Our findings underscore the complexity in risk communication. Studies are needed to systematically evaluate both patient- and physician-related factors responsible for inappropriate perception of risk in order to develop effective interventions. Physician and patient education are necessary so that indeterminate genetic test results do not provide false reassurance. The use of standardized educational material that outlines the implications of test results and recommendations for management may minimize variability in information provided to patients, facilitate knowledge retention, and provide specific screening recommendations for individuals who remain at high risk.

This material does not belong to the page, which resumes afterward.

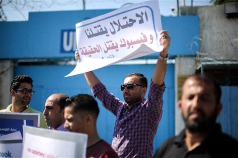 ورفع المشاركون في الوقفة التي دعت إليها حملة (فيس بوك يراقب فلسطين)، والتي يُشرف عليها مجموعة من الصحفيين المناهضين لإغلاق الحسابات الفلسطينية، لافتات كُتب على بعضها “الاحتلال الإسرائيلي يقتلنا، والفيس بوك يقتل الحقيقة”، “أوقفوا تغييب الرواية الفلسطينية”.

In addition, particularly for indeterminate test results, there needs to be longitudinal follow-up and reinforcement of the meaning of the test results. These patients may benefit from additional genetic counseling and from reinforcement from the primary care physician who observes the patient on a long-term basis after the genetic counseling and testing encounter is completed. The benefits of reinforcement would not be limited to individuals with true-positive and indeterminate results, but would also be available to individuals with true-negative results.
Our study was limited to patients at risk for a highly penetrant inherited cancer syndrome, for which interpretation of true-positive and true-negative results is relatively straightforward in terms of cancer risk and screening recommendations. As additional moderate- and low-susceptibility genes are identified, the implications of even a positive result are likely to be complex and may depend on a variety of factors, including the relationship with other genes, environment, and behaviors. Understanding how patients interpret such information and developing strategies to enhance communication of benefits and limitations of genetic testing is an area worthy of continued study.